As the payments in the next five years only cover a portion of the estimated interest expense, the lease obligation will continue to increase. Starting in 2024, the lease payments will increase to cover both interest and principal to commence reduction of the principal portion of the lease obligations.

Spanish-Flagged LNG Carrier. The Company’s capital lease on one LNG carrier, the Madrid Spirit, expired and the Company purchased the vessel at the end of the lease term in December 2011. The purchase obligation was fully funded with restricted cash deposits.

Suezmax Tankers. As at December 31, 2011, the Company was a party, as lessee, to capital leases on five Suezmax tankers. Under the terms of the lease arrangements, the Company is required to purchase these vessels after the end of their respective lease terms for a fixed price. At the inception of these leases, the weighted-average interest rate implicit in these leases was 7.4%. These capital leases are variable-rate capital leases; however, any change in the lease payments resulting from changes in interest rates is offset by a corresponding change in the charter hire payments received by the Company. As at December 31, 2011, the remaining commitments under these capital leases, including the purchase obligations, approximated $201.1 million, including imputed interest of $25.5 million, repayable during 2012 through 2017.

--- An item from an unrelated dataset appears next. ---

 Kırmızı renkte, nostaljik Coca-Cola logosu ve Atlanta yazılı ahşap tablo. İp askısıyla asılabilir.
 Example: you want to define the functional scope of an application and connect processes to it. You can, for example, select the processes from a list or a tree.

FPSO Units. As at December 31, 2011, the Company was a party, as lessee, to capital leases on one FPSO unit, the Petrojarl Foinaven, and the topside production equipment for another FPSO unit, the Petrojarl Banff. However, prior to being acquired by Teekay, Teekay Petrojarl legally defeased its future charter obligations for these assets by making up-front, lump-sum payments to unrelated banks, which have assumed Teekay Petrojarl’s liability for making the remaining periodic payments due under the long-term charters (or Defeased Rental Payments) and termination payments under the leases.

 

The Defeased Rental Payments for the Petrojarl Foinaven were based on assumed Sterling LIBOR of 8% per annum. If actual interest rates are greater than 8% per annum, the Company receives rental rebates; if actual interest rates are less than 8% per annum, the Company is required to pay rentals in excess of the Defeased Rental Payments. For accounting purposes, this contract feature is an embedded derivative, and has been separated from the host contract and is separately accounted for as a derivative instrument.

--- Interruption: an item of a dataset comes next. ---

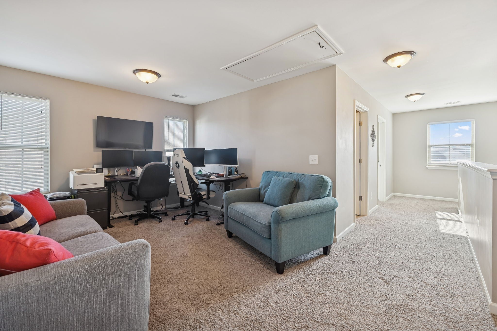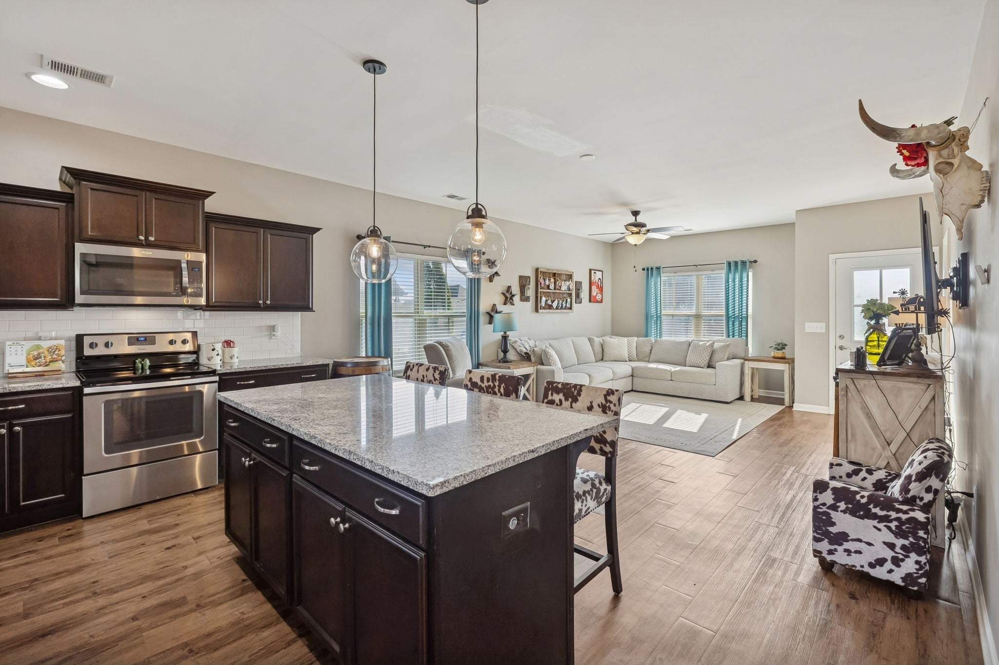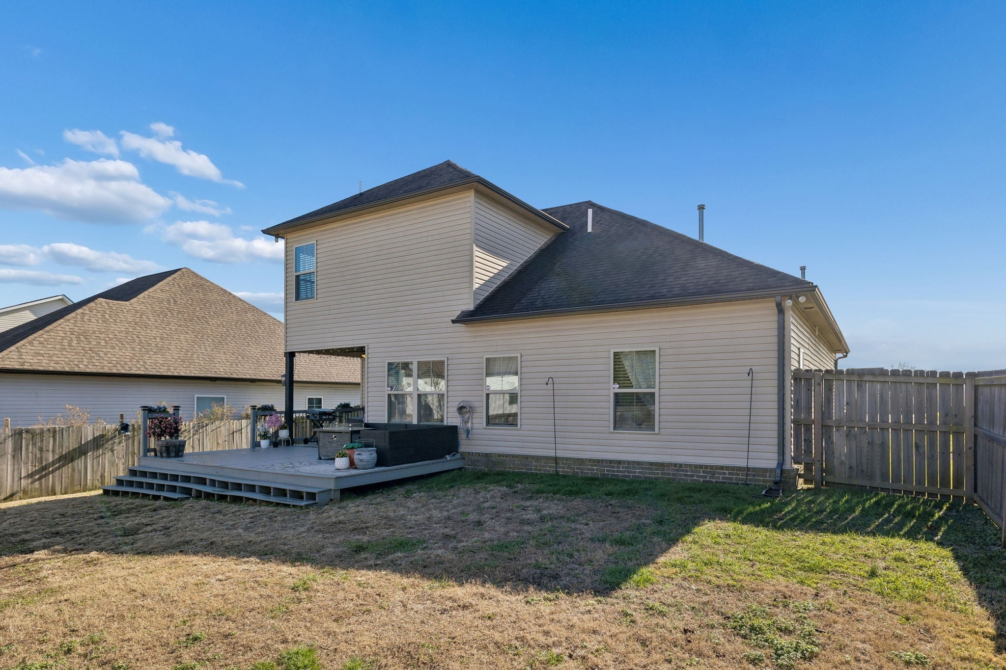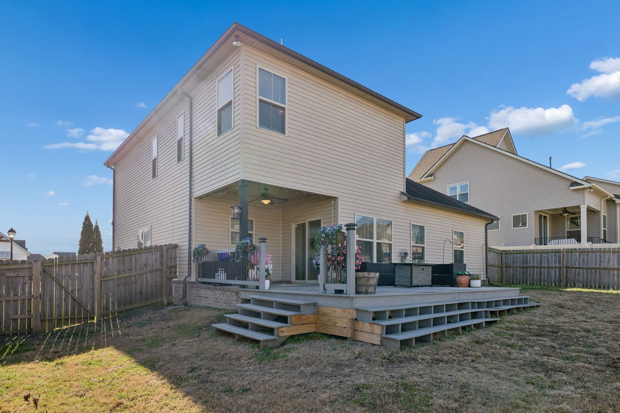 One of Landmark’s most popular floor plans, this beautiful two-story home offers 3 bedrooms and 2.5 baths with a thoughtfully designed open-concept layout. The kitchen features a large island, abundant countertop space for cooking, granite countertops, LVP flooring, stainless steel appliances, and more. The primary bedroom and laundry room are conveniently located on the main level. Upstairs, you’ll find two spacious bedrooms, a full bath, and a bonus room perfect for a media space, playroom, or home office. Don’t miss the walk-in storage room and the extra-large guest closet—ideal for storing all your prized possessions. Enjoy outdoor living on the covered porch and open deck overlooking the level, fully fenced backyard—perfect for relaxing or entertaining. Make sure you look at the multi open concrete pad ready for entertaining all your guests. Perfect for so many different uses!

As is typical for these types of leasing arrangements, the Company has indemnified the lessors of the Petrojarl Foinaven for the tax consequence resulting from changes in tax laws or interpretation of such laws or adverse rulings by authorities and for fluctuations in actual interest rates from those assumed in the leases. The Company’s capital leases do not contain financial or restrictive covenants other than those relating to operation and maintenance of the vessels.

Restricted Cash

Under the terms of the capital leases for the RasGas II LNG Carriers, the Company is required to have on deposit with financial institutions an amount of cash that, together with interest earned on the deposits, will equal the remaining amounts owing under the leases. These cash deposits are restricted to being used for capital lease payments and have been fully funded primarily with term loans (see Note 8).

As at December 31, 2011 and 2010, the amount of restricted cash on deposit for the three RasGas II LNG Carriers was $479.1 million and $477.2 million, respectively. As at December 31, 2011 and 2010, the weighted-average interest rates earned on the deposits were 0.3% and 0.4%, respectively. These rates do not reflect the effect of related interest rate swaps (see Note 15).

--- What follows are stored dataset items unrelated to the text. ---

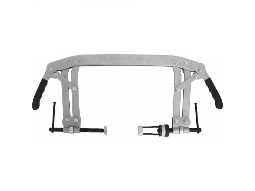 Рассухариватель клапанов, созданный специально для двигателей с глубоко установленными в головке блока клапанами ГРМ. Применяется для верхневальных (ОНС), верхнеклапанных (ОНV) и V-образных (СVH) систем газораспределения. Глубина скобы 165 мм, диапазон захвата от 50 мм до 175 мм. Изделие укомплектовано двусторонним сменным толкателем с насадками для малых тарелок клапанов - 16 мм и больших - 25 мм. Двойное действие рычагов толкателя и зажима облегчает использование инструмента.
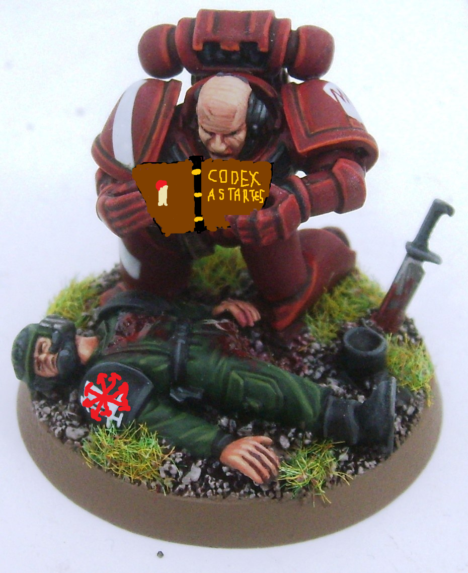 >Томные ангелы, Кровавые ангелы Всегда забавляли все эти названия на самом деле. Вот так какой-нибудь новенький хаосит будет ориентироваться по названиям: -Идут Кровавые Ангелы -О, это наши, да? -Нет, это лоялисты. А вот еще Расчленители -Ну эти точно наши -Нет, лояльный легион. А вот идут Черные храмовники -Н... -Нет, снова лоялисты. А вот Пьющие Души... -Ну это точно... -И снова мимо. А вот Дети Императора -Ну это точно лоялисты -Не, вот эти как раз наши.
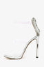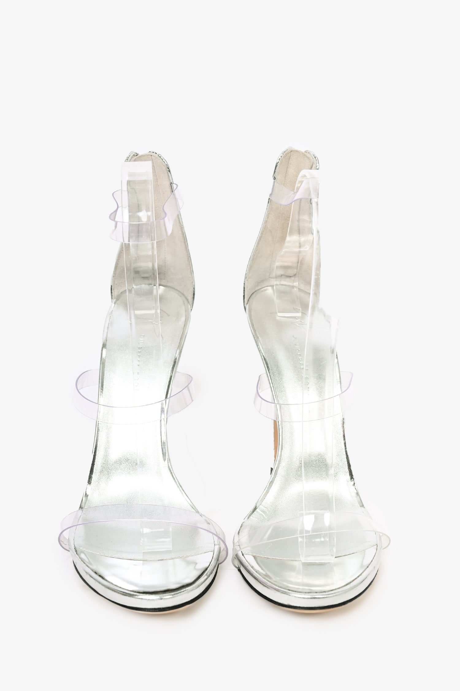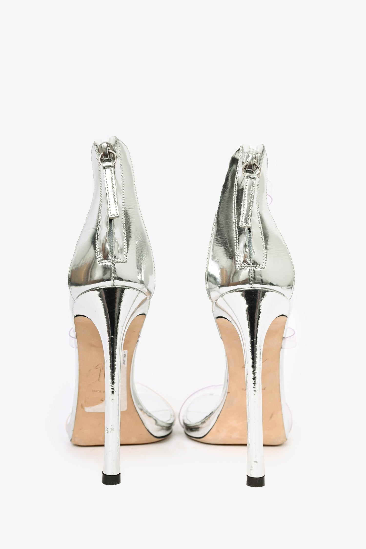 Refresh availabilityGiuseppe Zanotti Silver Leather PVC Strappy Heeled Sandals. Rear zip closure. Skinny heel. Tonal stitching
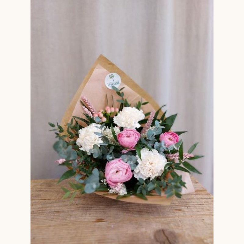 Ilmava, rennosti sidottu kimppu leinikkien ympärille. Kukkien värit vaihtelevat saatavuuden mukaan vaalean ja pinkin sävyissä. Kuvan kimppu herkkä.
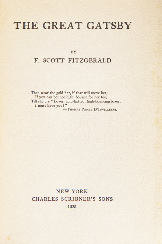 New York: Charles Scribner's Sons, 1925. First edition, first printing. 8vo. (vi), 218 pp. Publisher's dark blue-green cloth, stamped in blind and in gilt, faint stain on rear board, very slightly cocked; foxing to top and fore edge; contemporary ownership signature to front blank. Bruccoli A11.1.a
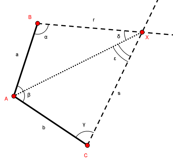 Note le incognite il problema è risolto, poichè basta applicare il teorema dei seni per calcolare le distanza AX, BX e CX. Il punto X si trova nella intersezione delle semirette r e s.
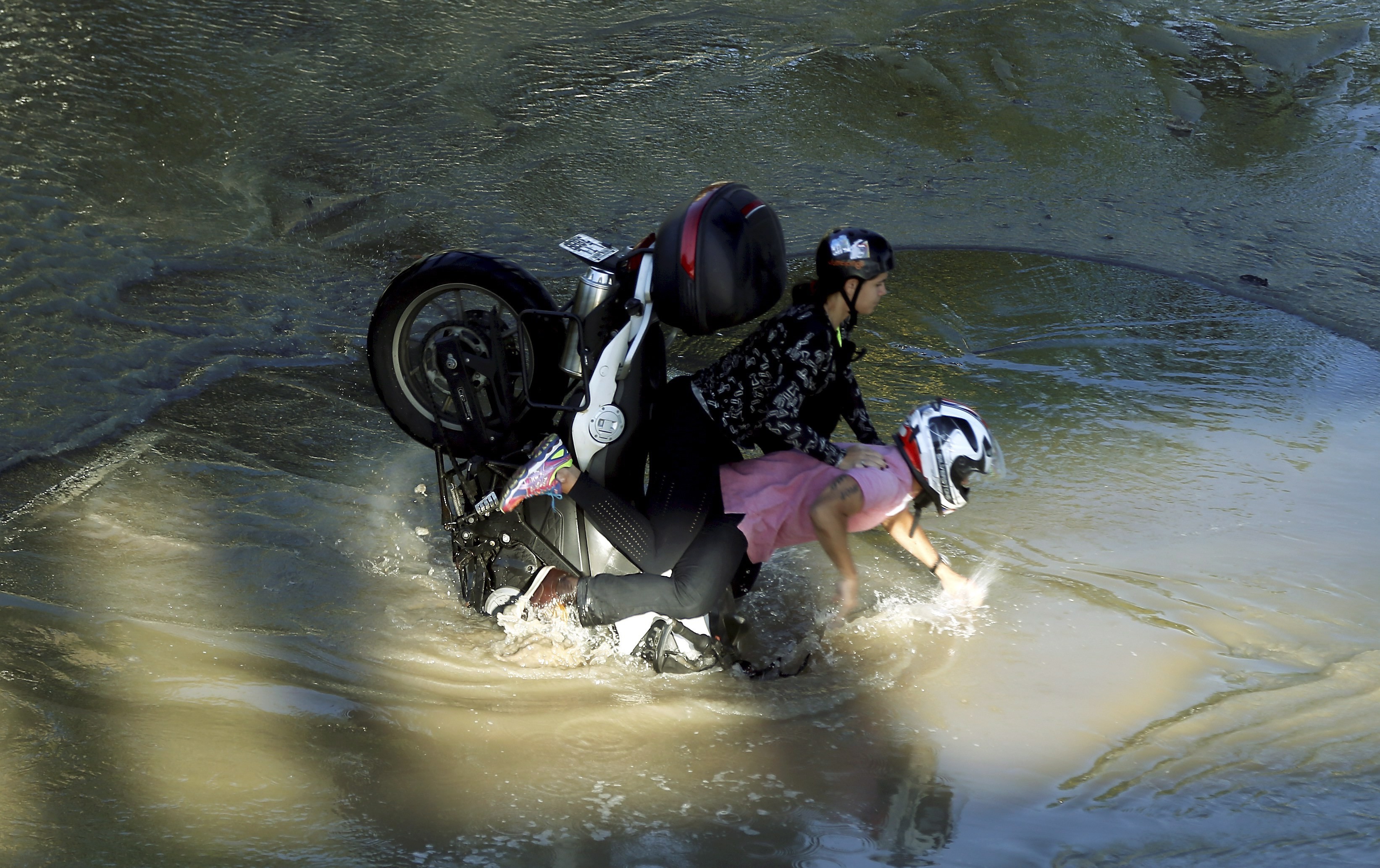 RI Rio de janeiro (RJ) 20/04/2016 - Vazamento de água da Cedae depois de rompimento de tubulação na av Radial Oeste, perto do antigo Museu do Indio, pista sentido centro.Casal cai dentro de um buraco e ficam submersos na pista . Foto de Gabriel de Paiva/ Agência O Globo
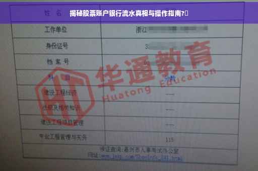 揭秘股票账户与银行流水背后的真相与操作指南。了解如何通过股票账户进行银行流水操作,掌握其中的技巧与注意事项。本文为您揭示这一过程的真实面目,助您规避风险,实现资产增值。阅读本文,助您明智决策。
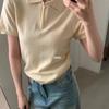 Spring Summer New Arrival Korean Simple and Versatile Polo Collar Short Sleeve Half Zip Knitted Sweater
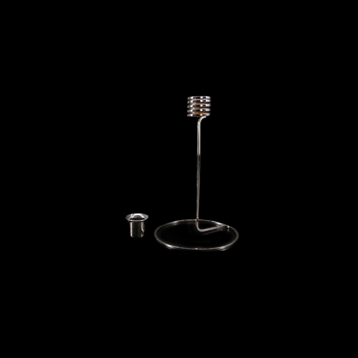 Set of five vintage Royal Copenhagen Denmark platinum plated candlesticks. Mid-century, futuristic style with coil. Excellent condition! Signs of wear and age, but no damage or issues found. Candles not included. Largest measures L 4.25" base x H 7.25". Lot weighs 14 oz. (D77)

The restricted cash relating to the Madrid Spirit was used to fund the purchase obligation relating to the capital lease in 2011. As at December 31, 2011 and December 31, 2010, the amount of restricted cash on deposit for the Madrid Spirit was nil and 61.7 million Euros ($82.6 million), respectively. As at December 31, 2011 and December 31, 2010, the weighted-average interest rates earned on these deposits were 5.0%.

The Company also maintains restricted cash deposits relating to certain term loans and other obligations, which totalled $21.1 million and $16.5 million as at December 31, 2011 and 2010, respectively.